Originally posted by marg6043
Well ECK this does not make sense if they can not hold Iraqi government accountable then who they should hold accountable their own American government?
washingtonpost.com
Critical Republicans Look to Cut Bush's $82 Billion War Request
By Mike Allen and Josh White
Washington Post Staff Writers
Thursday, February 17, 2005; Page A04
House Republican leaders said yesterday that they may cut some of the nonmilitary parts of President Bush's $82 billion budget request for Iraq and anti-terrorism efforts because they are not emergencies.
The sharp comments they made in challenging the budget request marked an abrupt departure from the deference the Republicans have shown Bush on earlier war funding. Party members said they are determined to reassert their authority over the budget at a time when the White House is accusing lawmakers of being big spenders.
www.washingtonpost.com...
Rumsfeld was peppered with questions about the propriety of the request from Republicans and Democrats during two appearances on Capitol Hill. At first Rumsfeld said he and the Pentagon were not directly responsible for the spending submission -- that it was a matter left to the White House, the Office of Management and Budget, and Congress.

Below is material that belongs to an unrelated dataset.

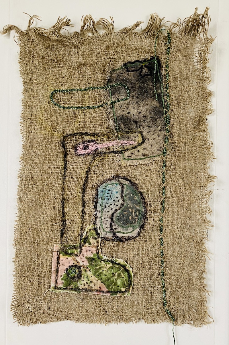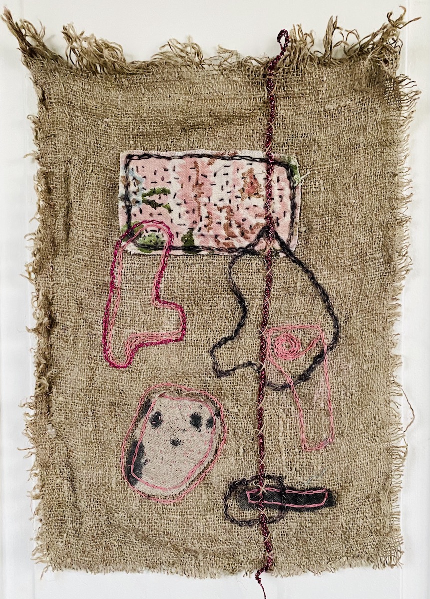 Tableau brodé, art textile, broderie à la main sur jute et tissus d’éditeurs recyclés, série « les imprèdictibles » 19×27 cm, n°4, « Gun », 70 €

"This issue of what goes in a supplemental is something that really is beyond my pay grade," Rumsfeld told the Senate Appropriations Committee.
At the Appropriations Committee hearing, Sen. Patty Murray (D-Wash.) berated Rumsfeld for not including any funding for veterans of the wars in Iraq and Afghanistan as part of the supplemental request, calling it a troubling omission in the president's budget and in the additional request for war funds. She said she is going to introduce a $2 billion amendment to offer help to veterans.
"There is no mention in here of our responsibility to pay for the continued emotional and physical costs of war," Murray said. "It's as if once these brave men and women leave the service, they're no longer considered an essential priority for the administration."
Originally posted by darth ruin
Ah shucks.....maybe you not only hate yourself......you hate the fact that you have a small penis and you blame....wait.....George W. Bush for that too.